Отдельно от прочих проводились пресс-конференции для иностранных журналистов, аккредитованных в Министерстве пропаганды. Однако спокойно работать с заграницей Геббельсу не давали. Как и всегда при вопросе распределений полномочий в работе с зарубежными СМИ фюрер прибегал к своему излюбленному приему — «разделяй и властвуй». И война за полномочия бушевала нешуточная.

Однажды, будучи в штабе у Гитлера, Риббентроп убедил фюрера поручить именно ему ведение всей пропаганды, предназначенной для зарубежных стран. «Утром следующего дня энергичные молодцы, посланные Министерством иностранных дел, появились в различных берлинских офисах Геббельса, чтобы забрать к себе весь персонал, занимающийся зарубежной пропагандой. Люди Геббельса забаррикадировались в своих кабинетах, а сам министр пропаганды позвонил к Гитлеру и обратился к нему за помощью. Гитлер приказал Геббельсу немедленно лететь к нему. Когда тот прибыл, он велел ему вместе с Риббентропом запереться в купе своего специального поезда и не выходить оттуда, пока они не разрешат свои разногласия. Три часа спустя оба появились с красными лицами и сообщили Гитлеру, что не пришли к соглашению. Разъярившись, Гитлер удалился и продиктовал компромиссное решение, которое в значительной степени отменяло недавний письменный приказ» (10).

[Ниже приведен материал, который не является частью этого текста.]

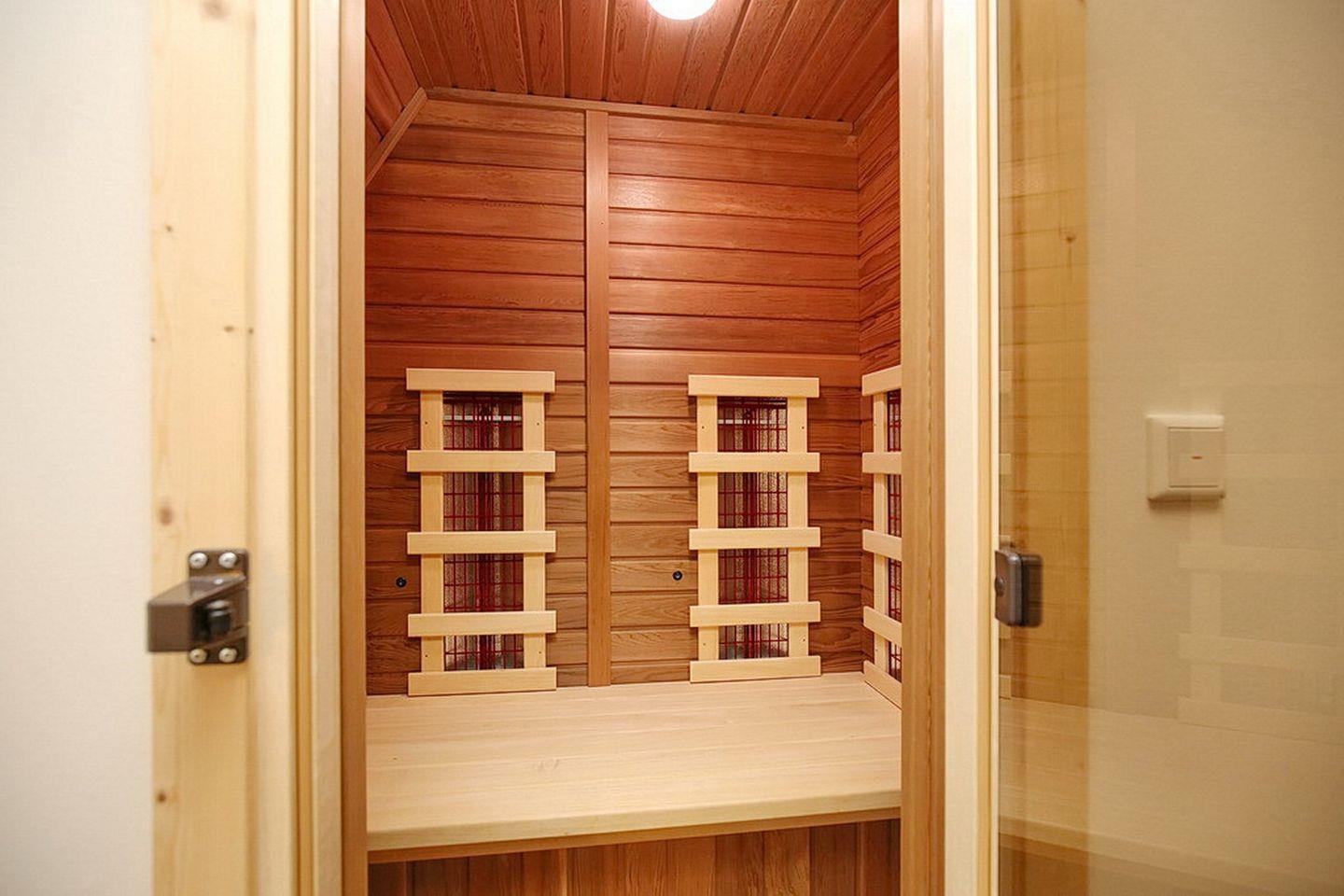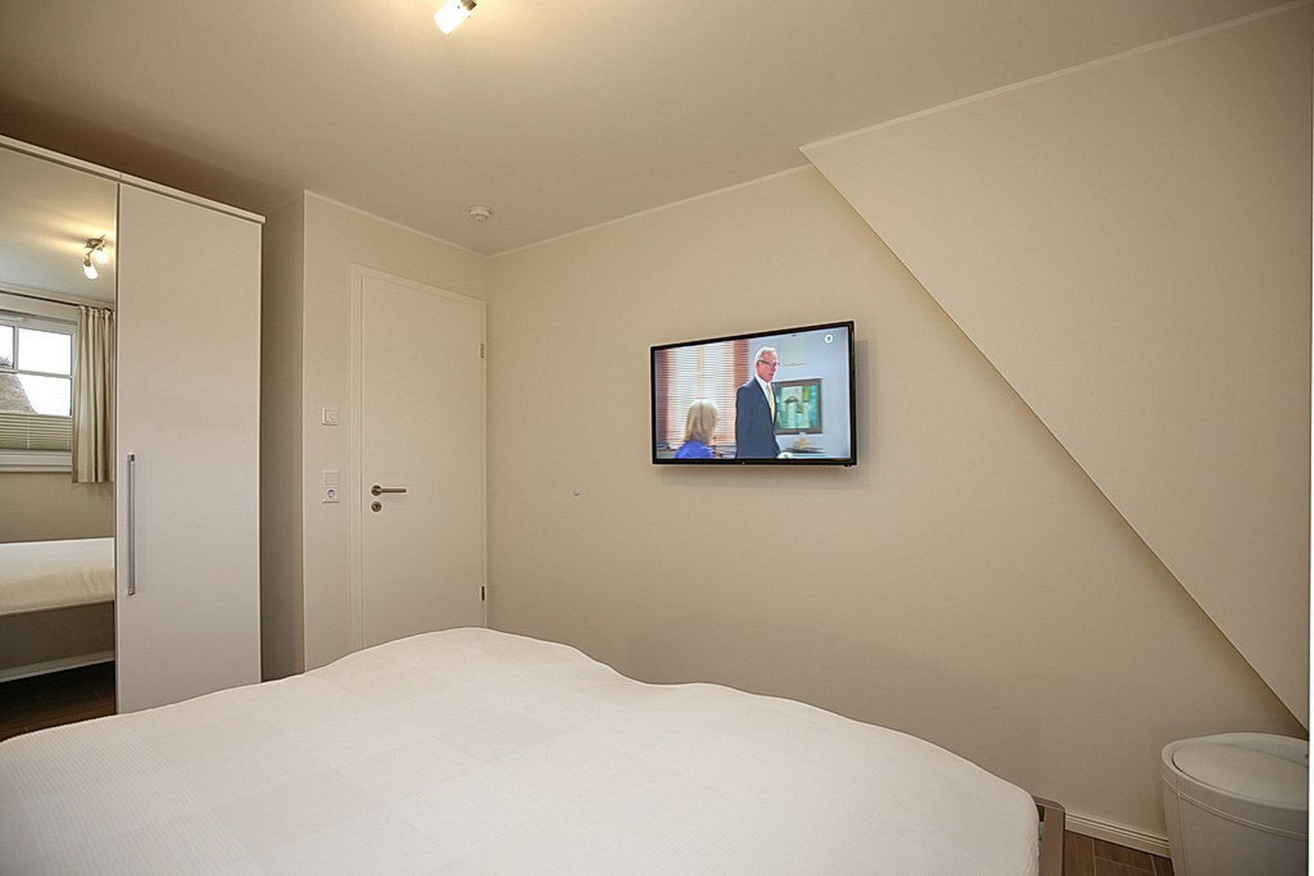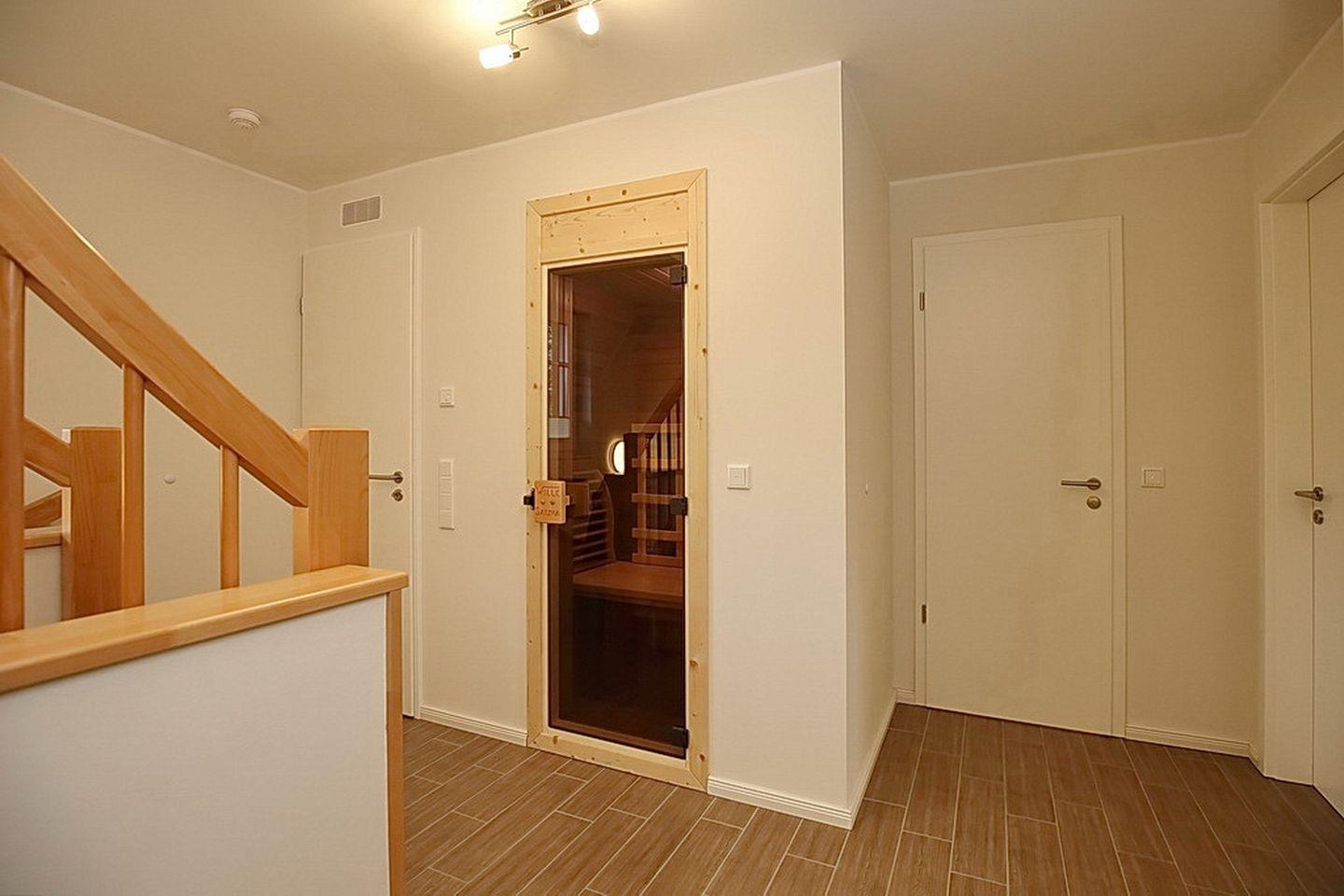 Im Obergeschoss befinden sich zwei Schlafzimmer. Ein Schlafzimmer mit Doppelbett (180 x 200 cm) und ein Schlafzimmer mit zwei Einzelbetten (90 x 200 cm u. 90 x 190 cm). In beiden Schlafzimmern findest du große Kleiderschränke für deine Wäsche und jeweils einen LED-TV. Weiterhin steht dir im Obergeschoss unsere gemütliche Infrarotsauna mit LED-Farblichtsystem zum Entspannen zur Verfügung. Das Bad ist mit einer Badewanne ausgestattet. Die Waschmaschine befindet sich ebenfalls im Obergeschoss.

Заграничная пропаганда действительно была лакомым куском, за который стоило бороться. Министерство пропаганды приобрело или содержало более 350 газет во всем мире, не считая еще 300 немецкоязычных изданий. Только в 1934 году на иностранную пропаганду Германия потратила 262 миллиона марок. Частично затраты покрывали члены немецких клубов и прочих организаций, объединенных в Ассоциацию немцев за границей. Но и накопившиеся долги правительственные инстанции часто списывали. «Если даже самая малая газета, являющаяся подписчиком Германского информационного агентства, окажется не в состоянии опла­тить информационные услуги, представляется возможным возмещать им услуги» (11).

Геббельс в своих тайных циркулярах требовал: «Необходимо постоянно и настойчиво создавать для информационных агентств, находящихся в оппозиции к нам, соответствующие «материалы» и «новости» с тем, чтобы при их публикации указанные агентства утратили доверие. Материалы должны отбираться таким образом, чтобы у нас всегда имелась возможность не только отрицания, но и убедительного опровержения перед лицом общественного мнения» (12).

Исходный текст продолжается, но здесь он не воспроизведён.